Contraception. Author manuscript; available in PMC 2011 January 1.
Published in final edited form as:
PMCID: PMC2822656
NIHMSID: NIHMS140700

Oral contraceptive use and bone density in adolescent and young adult women

Abstract

Background

Most of the millions of oral contraceptive (OC) users are under age 30 years and in the critical period for bone mass accrual.

Study Design

This cross-sectional study of 606 women aged 14–30 years examined both OC duration and estrogen dose and their association with bone mineral density (BMD) at the hip, spine, and whole-body (DEXA).

Results

Of 389 OC users and 217 nonusers enrolled, 50% were adolescents (14–18 years). Of OC users, 38% used “low-dose” OCs [<30 mcg ethinyl estradiol (EE)]. In adolescents, mean BMD differed by neither OC duration nor EE dose. However, 19–30 year-old women’s mean BMD was lower with longer OC use for spine and whole-body (p=0.004, p=0.02, respectively) and lowest for >12 months of low-dose OCs for the hip, spine and whole-body (p=0.02, 0.003 and 0.002, respectively).

Conclusions

Prolonged use of today’s OCs, particularly <30 mcg EE, may adversely impact young adult women’s bone density while ingesting these agents.

Keywords: bone mineral density, oral contraceptives, hormones, peak bone density, adolescents

1. Introduction

Nearly 12 million U.S. women use oral contraceptives (OCs) [1]. OC use is highest in women under age 30 years, a critical time for bone mass accrual. OCs’ effects on bone remain unclear, with increasing evidence suggesting current OC formulations may act differently in women who have not yet achieved peak bone mass as compared to skeletally mature women [25]. Studies in adolescent and young adult women report mixed results, with some bone density studies reporting an OC benefit or no difference from nonusers [611], but others noting that OCs may inhibit bone mass accrual [3, 4, 1217].

We report results of a population-based cross-sectional evaluation of both OC duration and estrogen dose on bone mineral density (BMD) in 606 women ages 14 and 30 years. To our knowledge, this is the first study to examine these factors and their possible different roles in adolescent and young adult women within a single study population.

2. Materials and methods

Study participants were enrollees of Group Health Cooperative, a mixed model managed-care system in the Pacific Northwest. The Group Health Human Subjects Committee approved all study procedures. We obtained written consent from participants (or from parents, with assent from minors).

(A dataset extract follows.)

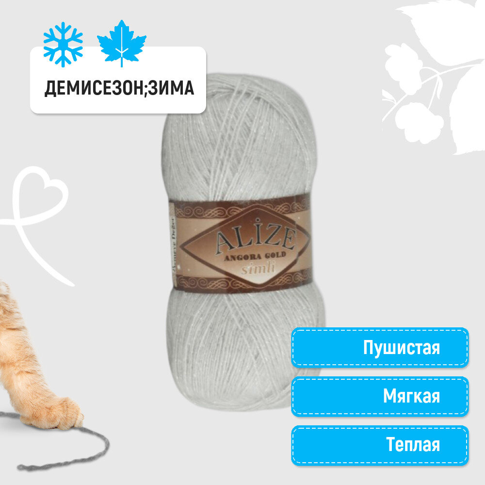 Пряжа для вязания ALIZE Angora Gold Simli Ализе Ангора Голд: 21 (серый), 3 шт 500 м 100 г, 5% металлик, 20% шерсть, 75% акрил

We used a population-based sampling strategy to select potential participants from the health system’s computerized databases. We aimed to enroll 600 participants, including 200 OC users and 100 nonusers equally distributed in two age strata: adolescents (aged 14–18 years) and young adult women (19–30 years). We used the health system’s pharmacy data files to identify current OC users and classify them as “initiators” if ≤3 months of use; or “prevalent users” if >3 months of use. We preferentially enrolled women using “low-dose” OCs [<30 mcg ethinyl estradiol (EE)] in order to evaluate these agents adequately as well as the predominately-used 30– 35 mcg EE formulations [18]. The non-OC using women (the comparison group) were sampled concurrently from the health plan enrollment files, frequency matching on age and primary clinic base. Nonusers were required to have no hormonal contraception use in the previous 2 years and less than 8 years in their lifetime.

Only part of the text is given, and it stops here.